Карташев молча кивнул головой в знак согласия.

– Теперь я свободный дворянин и на все согласен… Одно обидно: глупо жизнь прошла… Разве поехать и убить Бисмарка? Я часто думал: кому нужна моя жизнь! Так, по крайней мере, память благодарного потомства заслужить хоть смертью. Если нельзя уже жить как должно, Миша, жить человеком, то хоть умереть человеком.

– Нет, оставим политику, мой друг, – поверь, что это глупо и недостойно джентльмена. Ну, что ж, едем? Черт с ним, с театром.

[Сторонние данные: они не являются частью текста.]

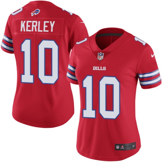 >Women's Nike Buffalo Bills #10 Jeremy Kerley Limited Red Rush Vapor Untouchable NFL Jersey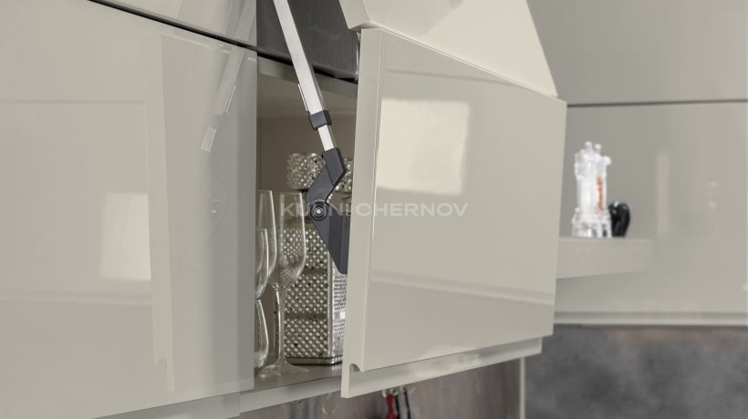 Кухня Лоретта изготовлена из МДФ толщиной 19 и 22 мм, покрытого прочной и эстетичной эмалью. Такая технология обеспечивает идеально гладкую поверхность, устойчивую к воздействию влаги и ультрафиолета, а также позволяет реализовать сложные формы — от гладких фасадов до рельефных элементов.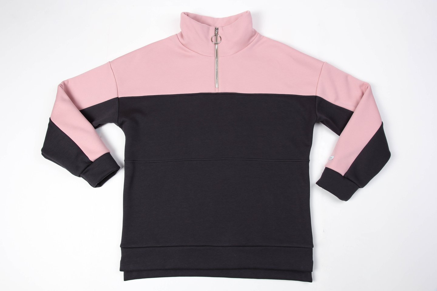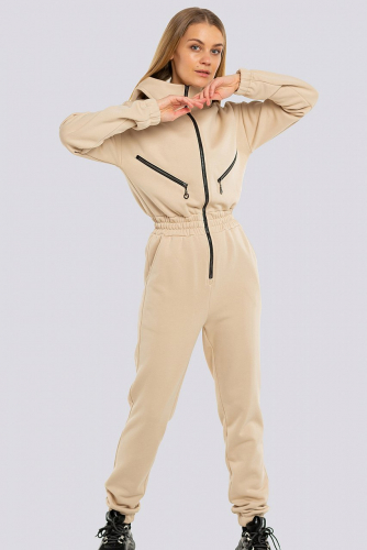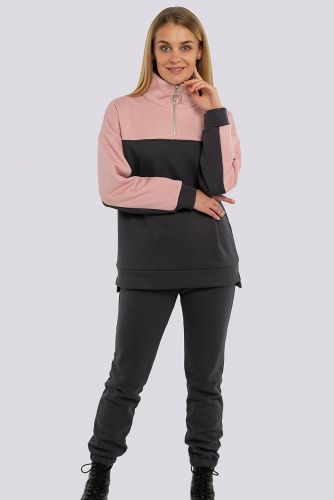 Теплый женский костюм - это один из главных трендов сезона. Модели с контрастными сочетаниям оттенков являются наиболее актуальными в этом сезоне. Уютная толстовка «оверсайз» с воротником-стойкой и короткой «молнией». Низ толстовки обработан поясом, рукава на манжетах. На поясе толстовки по бокам разрезы, на левом рукаве пришивной металлический декор. Брюки с боковыми карманами, пояс и низ брюк на резинке. Трикотаж утепленный на флисе, состав: 75% хлопок, 20% полиэстер, 5% спандекс.

В этот вечер Карташев был пьян совершенно, но сознания все-таки не терял. Лежа в кровати, где его качало, как в самую злую бурю на море, он говорил:

– Миша, теперь я, как Жучка, в вонючем колодце, и некому меня вытащить… да и не надо, Миша: жизнь такой вонючий колодец… Ведь это еще мы студенты, а дальше что? Миша, верно я говорю?

– Пошел вон!

– Миша, Рахили, одной Рахили жаль…

Карташев оборвался и, помолчав, прошептал сам себе:

– Хорошо, молчи.

Наступило молчание. С непривычки к вину их тошнило, и в темноте ночи их вздохи тяжело неслись по квартире.

Карташев не лечился.

– Я не хочу огорчать мать, – говорил он, – она и так меня не выносит, а там все-таки потом, когда все узнает… а может, не хватит и характеру сразу покончить с собой, но я измором возьму себя.

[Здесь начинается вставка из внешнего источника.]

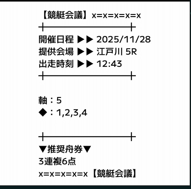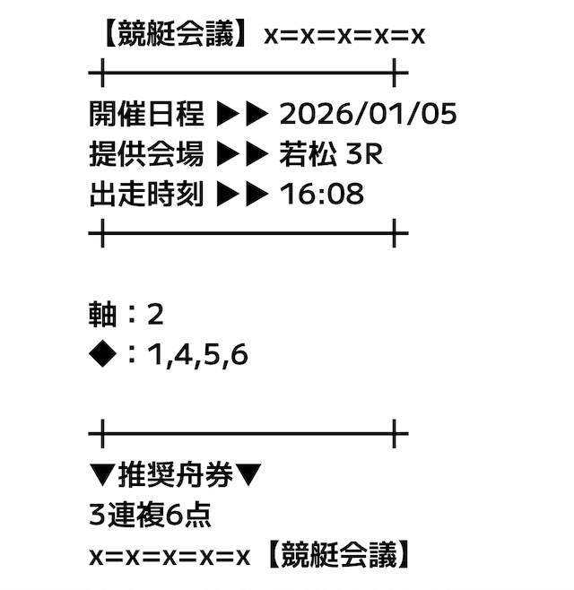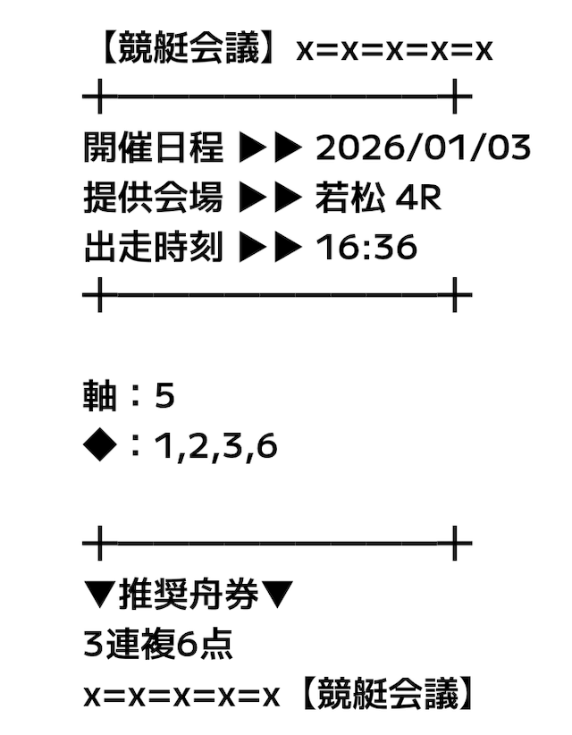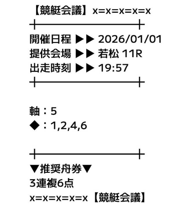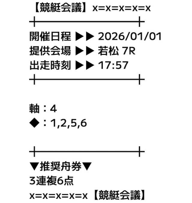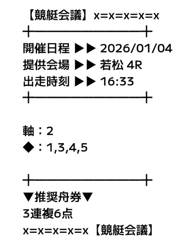 基本的には軸の1艇と相手の4艇を選択した3連複のフォーメーションで、推奨舟券代の記載はなし。

Он заставлял себя пить. Шацкий наотрез отказался составлять ему компанию, но Корнев в скромной обстановке всегда не прочь был уничтожить бутылку-другую пива.

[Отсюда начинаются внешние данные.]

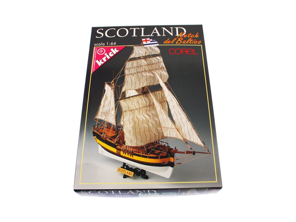 Neplovoucí model COREL Scotland v měřítku 1:64 je stavebnicí historické skotské lodi z 18. století a patří do třídy ketchových jachet. Používala se hlavně pro přepravu zboží v oblasti Baltského moře a v pobaltských státech. Český manuál. V balení jsou dřevěné díly, lišty a množství kování, lanoví, plátno na plachty a další.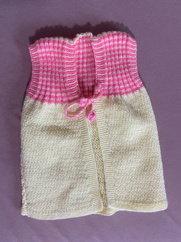 Yumuşak örgüden yapılmış, pembe fitilli üst ve krem alt kısmı olan kolsuz, bohem tarzda yelek. El emeğidir hassas ciltler için uygun ip kullanılmıştır✨

Иногда, выпив, Корнев вдруг с удивлением спрашивал:

– Послушай, черт Тёмка, вот никогда не думал, что из тебя выйдет тоже пьяница. Ну, положим, я так: мой отец любил выпить, и дед любил, люблю и я. А ты? В кого ты?

Корнев ничего не знал о болезни Карташева.

– А почему и мне не пить?

– Ну, пей… А я буду, ох буду, как и батько, пьяницей… Вот кончим, в полк врачом поступим, во всем и всегда честь и место господину офицеру, а доктор так: фитюлька. И в собрании даже офицерском – Христа ради… где-нибудь в деревушке, в глуши… Соберу вокруг, как батько, компанию попов, и будем тянуть:

Со святыми упокой…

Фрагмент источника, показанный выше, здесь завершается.